Can we reverse the trend?
Nuclear weapons furnish a striking illustration of these anomalies. Between the 1940s and 1996, the US spent at least $5.8 trillion on the development, testing and construction of nuclear bombs. By 1967, the peak year of its nuclear stockpile, the US possessed some 32,500 deliverable atomic and hydrogen bombs, none of which, thankfully, was ever used. They perfectly illustrate the Keynesian principle that the government can provide make-work jobs to keep people employed. Nuclear weapons were not just America's secret weapon, but also its secret economic weapon. As of 2006, we still had 9,960 of them. There is today no sane use for them, while the trillions spent on them could have been used to solve the problems of social security and health care, quality education and access to higher education for all, not to speak of the retention of highly-skilled jobs within the economy.

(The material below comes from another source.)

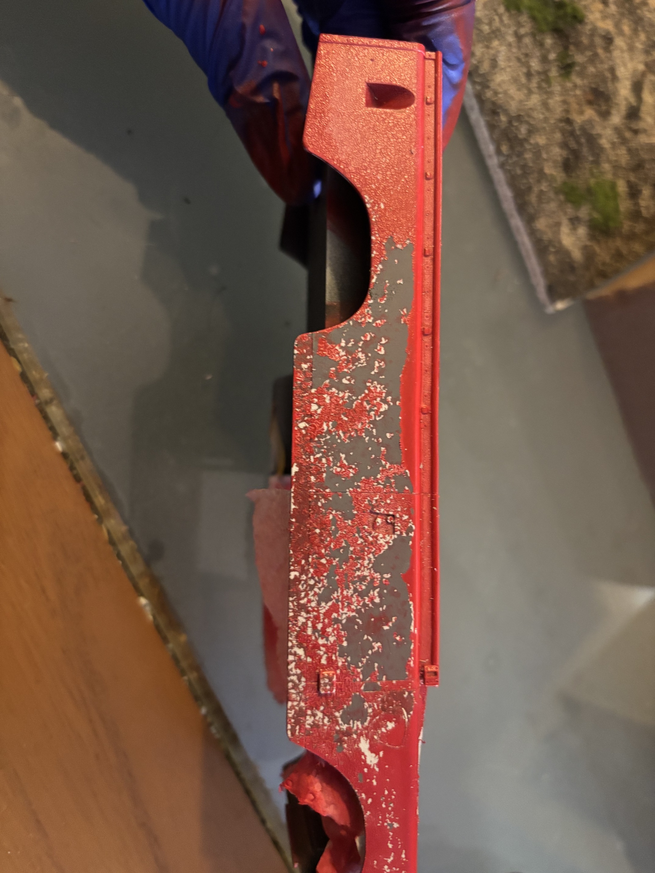 I have found when I sprayed the top layer of humbrol acrylic gloss red over my base coat of plastikote enamel gloss white the acrylic had stripped the base coat and I’m unsure why?

The pioneer in analysing what has been lost as a result of military Keynesianism was the late Seymour Melman (1917-2004), a professor of industrial engineering and operations research at Columbia University. His 1970 book, Pentagon Capitalism: The Political Economy of War, was a prescient analysis of the unintended consequences of the US preoccupation with its armed forces and their weaponry since the onset of the cold war. Melman wrote: "From 1946 to 1969, the United States government spent over $1,000bn on the military, more than half of this under the Kennedy and Johnson administrations — the period during which the [Pentagon-dominated] state management was established as a formal institution. This sum of staggering size (try to visualize a billion of something) does not express the cost of the military establishment to the nation as a whole. The true cost is measured by what has been foregone, by the accumulated deterioration in many facets of life, by the inability to alleviate human wretchedness of long duration."
In an important exegesis on Melman's relevance to the current American economic situation, Thomas Woods writes: "According to the US Department of Defense, during the four decades from 1947 through 1987 it used (in 1982 dollars) $7.62 trillion in capital resources. In 1985, the Department of Commerce estimated the value of the nation's plant and equipment, and infrastructure, at just over _$7.29 trillion… The amount spent over that period could have doubled the American capital stock or modernized and replaced its existing stock" (7).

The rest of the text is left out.